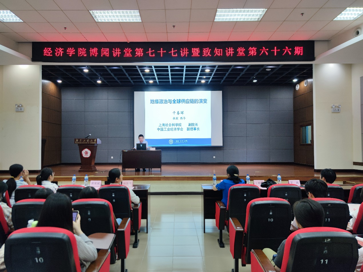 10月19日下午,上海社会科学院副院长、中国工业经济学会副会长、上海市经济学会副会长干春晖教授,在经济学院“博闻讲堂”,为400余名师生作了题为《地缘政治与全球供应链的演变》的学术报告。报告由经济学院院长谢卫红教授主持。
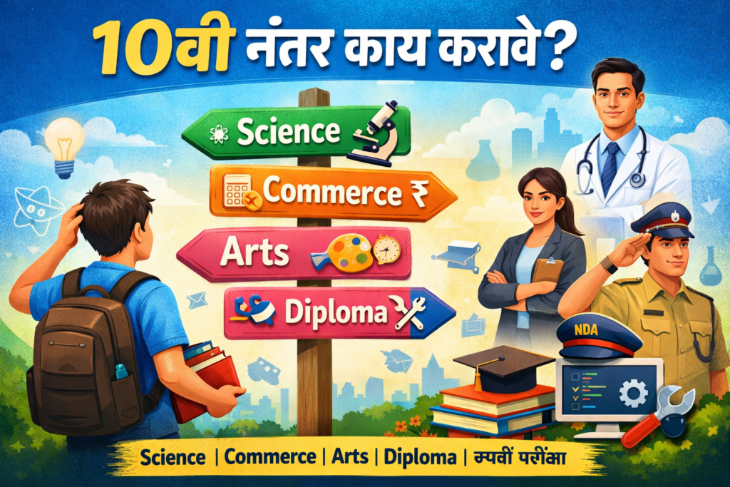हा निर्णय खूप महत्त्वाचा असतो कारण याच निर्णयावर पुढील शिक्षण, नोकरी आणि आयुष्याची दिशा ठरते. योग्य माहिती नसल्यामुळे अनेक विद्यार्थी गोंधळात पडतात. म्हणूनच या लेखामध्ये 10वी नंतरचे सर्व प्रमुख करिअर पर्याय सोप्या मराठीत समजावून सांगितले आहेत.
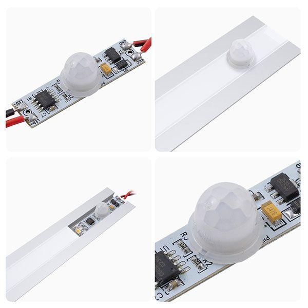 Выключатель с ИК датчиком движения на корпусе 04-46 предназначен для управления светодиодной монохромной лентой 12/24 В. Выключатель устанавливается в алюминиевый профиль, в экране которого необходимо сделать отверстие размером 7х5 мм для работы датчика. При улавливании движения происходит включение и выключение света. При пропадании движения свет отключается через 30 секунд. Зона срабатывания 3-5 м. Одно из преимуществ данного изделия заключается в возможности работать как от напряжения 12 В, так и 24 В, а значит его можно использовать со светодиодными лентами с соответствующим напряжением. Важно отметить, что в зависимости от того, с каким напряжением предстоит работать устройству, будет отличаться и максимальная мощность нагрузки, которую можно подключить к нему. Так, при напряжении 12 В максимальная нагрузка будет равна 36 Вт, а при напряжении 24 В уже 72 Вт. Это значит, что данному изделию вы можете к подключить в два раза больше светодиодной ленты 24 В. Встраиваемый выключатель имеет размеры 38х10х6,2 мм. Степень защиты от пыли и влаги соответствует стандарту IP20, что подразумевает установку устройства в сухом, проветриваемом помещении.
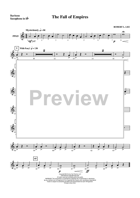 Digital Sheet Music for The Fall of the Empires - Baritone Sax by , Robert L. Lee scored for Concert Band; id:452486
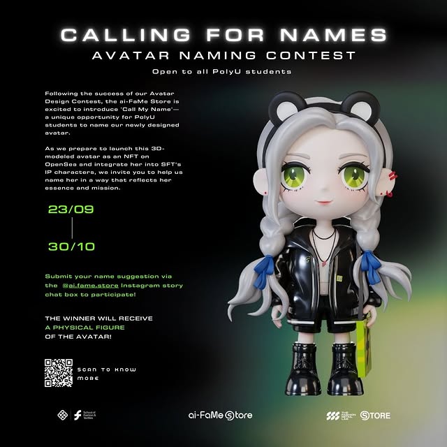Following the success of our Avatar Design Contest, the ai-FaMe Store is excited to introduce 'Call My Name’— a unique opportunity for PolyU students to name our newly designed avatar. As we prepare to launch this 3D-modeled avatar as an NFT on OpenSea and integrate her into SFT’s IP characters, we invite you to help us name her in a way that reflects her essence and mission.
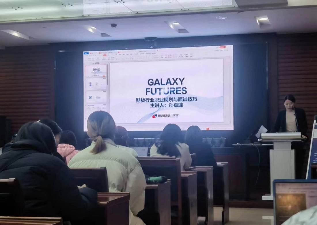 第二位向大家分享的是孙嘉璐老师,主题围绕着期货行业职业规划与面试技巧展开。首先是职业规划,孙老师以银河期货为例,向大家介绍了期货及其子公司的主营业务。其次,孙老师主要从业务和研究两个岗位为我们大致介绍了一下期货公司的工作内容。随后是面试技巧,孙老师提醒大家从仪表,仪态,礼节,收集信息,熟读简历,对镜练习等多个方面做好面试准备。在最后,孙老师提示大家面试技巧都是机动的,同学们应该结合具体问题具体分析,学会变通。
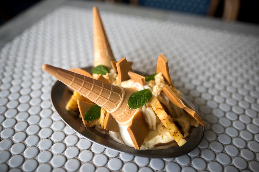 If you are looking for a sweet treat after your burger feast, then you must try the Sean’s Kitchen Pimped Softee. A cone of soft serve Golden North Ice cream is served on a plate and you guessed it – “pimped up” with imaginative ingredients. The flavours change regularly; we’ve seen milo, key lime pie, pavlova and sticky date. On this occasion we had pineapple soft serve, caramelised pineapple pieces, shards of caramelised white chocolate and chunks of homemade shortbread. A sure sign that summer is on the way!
==========
TASK: The expected output is every entry above, character for character, with no pictures.

SOLUTION:
 10月19日下午,上海社会科学院副院长、中国工业经济学会副会长、上海市经济学会副会长干春晖教授,在经济学院“博闻讲堂”,为400余名师生作了题为《地缘政治与全球供应链的演变》的学术报告。报告由经济学院院长谢卫红教授主持。
हा निर्णय खूप महत्त्वाचा असतो कारण याच निर्णयावर पुढील शिक्षण, नोकरी आणि आयुष्याची दिशा ठरते. योग्य माहिती नसल्यामुळे अनेक विद्यार्थी गोंधळात पडतात. म्हणूनच या लेखामध्ये 10वी नंतरचे सर्व प्रमुख करिअर पर्याय सोप्या मराठीत समजावून सांगितले आहेत.
 Выключатель с ИК датчиком движения на корпусе 04-46 предназначен для управления светодиодной монохромной лентой 12/24 В. Выключатель устанавливается в алюминиевый профиль, в экране которого необходимо сделать отверстие размером 7х5 мм для работы датчика. При улавливании движения происходит включение и выключение света. При пропадании движения свет отключается через 30 секунд. Зона срабатывания 3-5 м. Одно из преимуществ данного изделия заключается в возможности работать как от напряжения 12 В, так и 24 В, а значит его можно использовать со светодиодными лентами с соответствующим напряжением. Важно отметить, что в зависимости от того, с каким напряжением предстоит работать устройству, будет отличаться и максимальная мощность нагрузки, которую можно подключить к нему. Так, при напряжении 12 В максимальная нагрузка будет равна 36 Вт, а при напряжении 24 В уже 72 Вт. Это значит, что данному изделию вы можете к подключить в два раза больше светодиодной ленты 24 В. Встраиваемый выключатель имеет размеры 38х10х6,2 мм. Степень защиты от пыли и влаги соответствует стандарту IP20, что подразумевает установку устройства в сухом, проветриваемом помещении.
 Digital Sheet Music for The Fall of the Empires - Baritone Sax by , Robert L. Lee scored for Concert Band; id:452486
Following the success of our Avatar Design Contest, the ai-FaMe Store is excited to introduce 'Call My Name’— a unique opportunity for PolyU students to name our newly designed avatar. As we prepare to launch this 3D-modeled avatar as an NFT on OpenSea and integrate her into SFT’s IP characters, we invite you to help us name her in a way that reflects her essence and mission.
 第二位向大家分享的是孙嘉璐老师,主题围绕着期货行业职业规划与面试技巧展开。首先是职业规划,孙老师以银河期货为例,向大家介绍了期货及其子公司的主营业务。其次,孙老师主要从业务和研究两个岗位为我们大致介绍了一下期货公司的工作内容。随后是面试技巧,孙老师提醒大家从仪表,仪态,礼节,收集信息,熟读简历,对镜练习等多个方面做好面试准备。在最后,孙老师提示大家面试技巧都是机动的,同学们应该结合具体问题具体分析,学会变通。
 If you are looking for a sweet treat after your burger feast, then you must try the Sean’s Kitchen Pimped Softee. A cone of soft serve Golden North Ice cream is served on a plate and you guessed it – “pimped up” with imaginative ingredients. The flavours change regularly; we’ve seen milo, key lime pie, pavlova and sticky date. On this occasion we had pineapple soft serve, caramelised pineapple pieces, shards of caramelised white chocolate and chunks of homemade shortbread. A sure sign that summer is on the way!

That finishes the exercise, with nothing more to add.